Cuando cesó la horrible noche, ya estaba mutilada una generación. El alma había quedado mustia. Yermos los campos y atrofiado el paisaje, todo era desolación y espanto. En el silencio de las duras noches todavía resonaban los tiros asesinos, los últimos rescoldos del embrutecimiento. Huían las hordas siniestras, y los sorprendidos habitantes, que no conocían sino el trabajo honrado y la importancia de ser buenos, parecían despertar de una pesadilla.
Sobre esas cenizas fue imponiéndose la ciudad de hoy, esta Armenia recia y cabecidura que se propuso levantar sus fuerzas morales para derrotar el infortunio. El alma le dolía, pero había que engrandecer el destino. Una fisonomía diferente comenzó a erguirse en el paisaje. Llegaron otras concepciones y renacieron nuevos bríos. La quemada aldea dejaba poco a poco de ser la huérfana de la violencia y pasaba a ser la mimada del progreso.
Se había salvado, por fortuna, la raza batalladora y optimista que no iba a cesar en el empeño de reconstruir los escombros hasta borrar aquellas cicatrices de la insensatez. Gentes venidas de todas partes encontraron el sitio amable y hospitalario. La calle soñolienta fue sustituida por la ágil avenida, y las viejas moradas comenzaron a ceder paso a modernas mansiones y airosos edificios.
Cuando el país se dio cuenta, ya estaba modelada la ciudad moderna. Era la ciudad del futuro, que había desafiado el pesimismo para ser modelo de superación. El poeta Valencia la había bautizado como la Ciudad Milagro. Y es que los poetas saben encontrar las palabras exactas.
Hoy se le mira con sorpresa y admiración.
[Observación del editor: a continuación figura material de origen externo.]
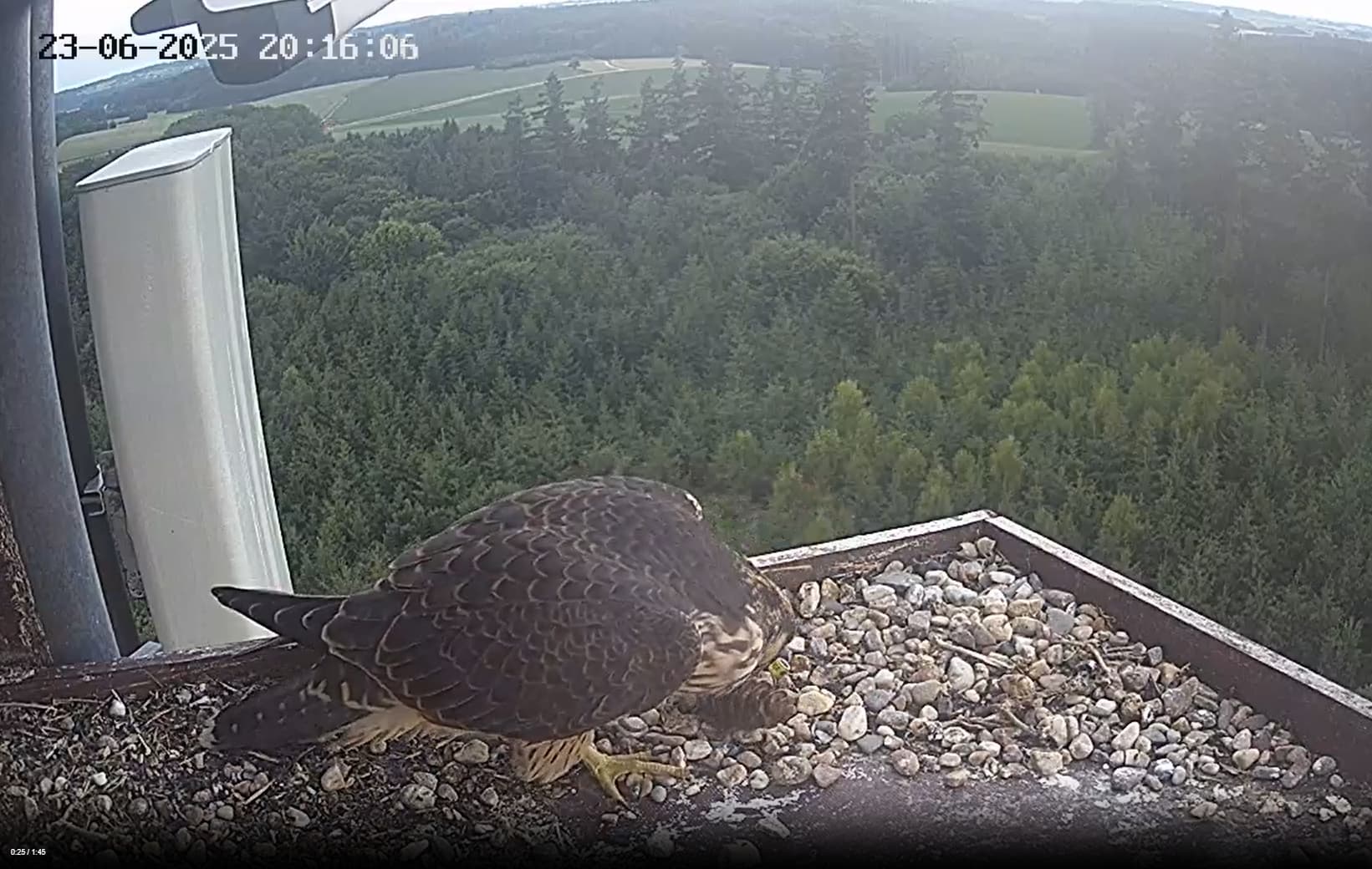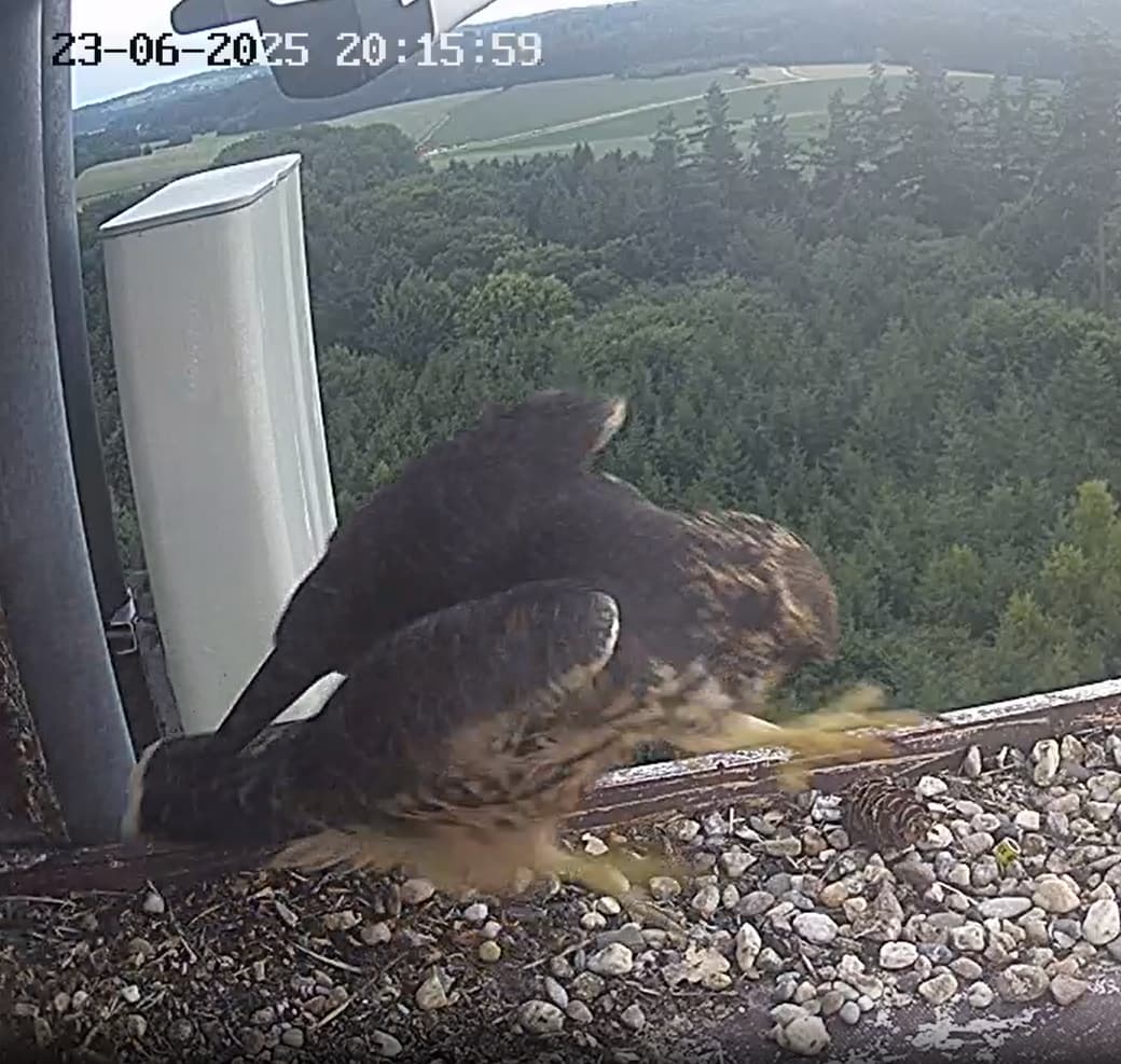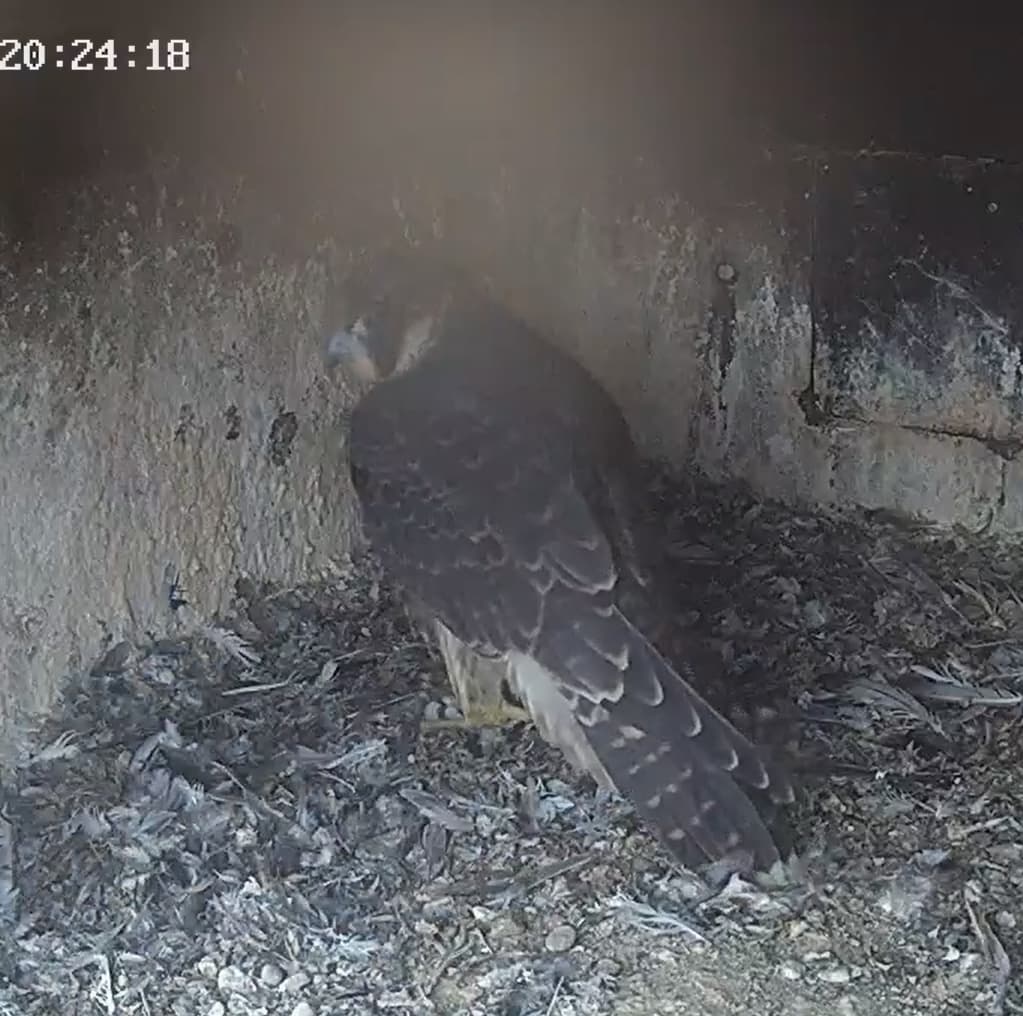 Einer der Jungfalken beim Dinner in der Abendsonne auf dem Balkon. Der Größe nach schätze ich, die junge Dame.

Es el centro pujante que avanza todos los días, como los tumbadores de montañas, y se encara a las dificultades propias de las fuerzas vigorosas. Armenia, con su crecimiento audaz y su urbanismo precoz, es un reto nacional Conforme la ciudad crece, hay nuevos problemas para resolver, pero una generación dispuesta a todo no permite detenerse, si el futuro se muestra promisorio.
De la vieja aldea quedan pocos vestigios. Fue necesario remodelarla para cambiarle el alma. Los odios fueron vencidos y nació otra generación que mira de frente, con visión hacia el porvenir. Aquí está la raza fuerte que no se dejó derrotar porque tuvo alientos para vencer los obstáculos y encontrar el progreso. Pocos esfuerzos tan edificantes como el de esta ciudad que no deja en paz a los urbanizadores y que tiene sorprendido al país. Ya nada, además, le impide ser esplendorosa y acogedora.
Caminos, Editorial Quingráficas, Armenia, 1982.